How we collect, clean, and analyze franchise data to produce the most comprehensive independent franchise intelligence available.
Official franchise disclosure documents filed with state regulatory agencies. We source FDDs from state filing portals (California, Minnesota, Wisconsin, Illinois, New York, and others), the NASAA Cooperative Filing Program, and direct franchisor submissions. Each FDD contains 23 disclosure items including fees, financial performance, litigation history, and unit counts.
U.S. Small Business Administration loan performance data for franchise-related 7(a) loans. This dataset includes loan amounts, approval dates, and default/status outcomes - the only objective, third-party measure of franchisee financial success at scale.
Multi-year unit count data from FDD Item 20, tracking openings, closures, transfers, and company-owned vs. franchised units over time. We maintain longitudinal records for 3,100+ brands spanning 2+ years.
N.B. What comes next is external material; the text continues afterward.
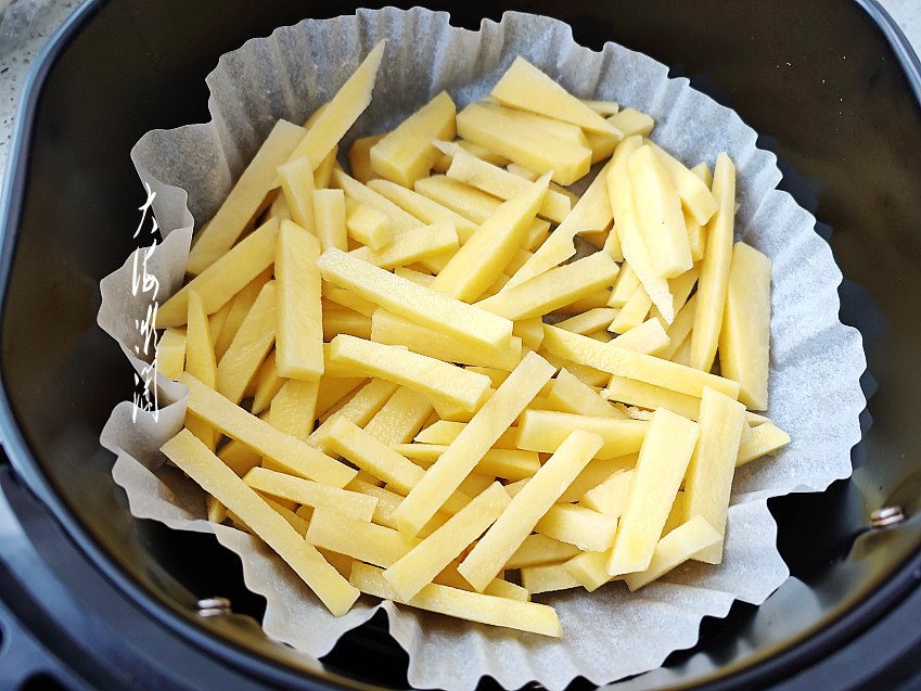 捞出土豆条控净水分,送入空气炸锅,200度炸15分钟,中间注意翻动两次,让土豆条受热均匀,无需加油,土豆这样做,当主食更健康,我家小朋友都爱这么吃。

Our corpus is updated weekly with new FDD filings from state regulatory portals. We prioritize extraction of brands with the most franchise locations and highest search interest. The SBA loan dataset is updated quarterly from public SBA data releases.
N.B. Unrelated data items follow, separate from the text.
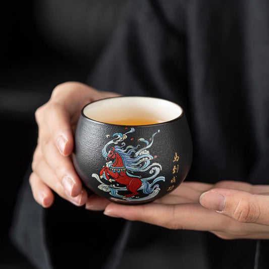 Year of the Horse "Success Upon Arrival" Chinese Art Tea Cup Set | 4-Piece Rustic Porcelain Zen Cups Gift Box for Elders, Corporate & Birthday Gifts
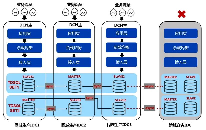跨城容灾的 2 副本通过同城的一个 slave 节点进行异步复制,实现跨城的数据容灾。基于以上部署架构,在同城可以做到应用多IDC多活,即联机的业务流量,可以同时从 3 个 IDC 接入,哪怕当中有任一 IDC 故障不可用,都可以保证数据 0 丢失,且秒级恢复数据库服务。
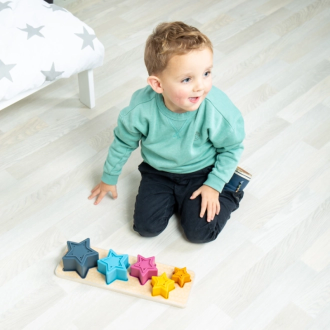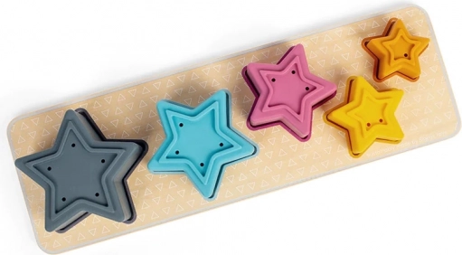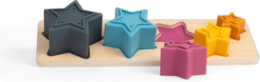 Découvrez le ludique puzzle à encastrer en forme d’étoiles combinant bois FSC et silicone, qui développe chez les enfants la motricité fine, la reconnaissance des couleurs et des tailles, et s’utilise aussi dans le bain grâce à l’effet fontaine des étoiles percées.

This is not legal or financial advice. FranchiseIQ provides data analysis and tools for franchise due diligence. We are not attorneys, accountants, or investment advisors. All investment decisions should be made with professional counsel.
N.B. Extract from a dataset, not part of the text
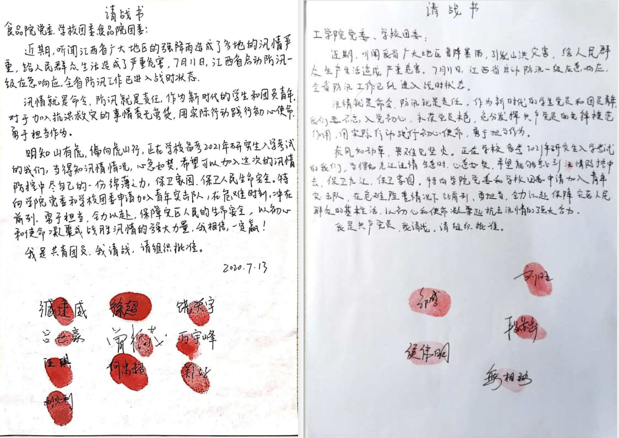 这是工学院正校备考研究生的大三青年团员刘旺、侯伟明等五位同学向工学院递交的一封防汛救灾请战书,上面的五个红手印,令人动容。与此同时,食品院、理学院也都收到了来自江农青年的“请战书”。

Item 19 data is self-reported by franchisors. Not all franchisors include financial performance representations in their FDDs. When they do, the data reflects their chosen methodology, timeframe, and sample - which may be favorable to the brand.
Derived metrics are estimates. Cash-on-cash returns, payback periods, and implied EBITDA are calculated from reported data using standard formulas. Actual results vary significantly by market, operator, and timing.
SBA default rates reflect loan performance, not franchisee profitability. A low default rate means franchisees are generally able to service their debt - it doesn't mean they're generating strong returns. Conversely, some profitable franchisees may default for reasons unrelated to business performance.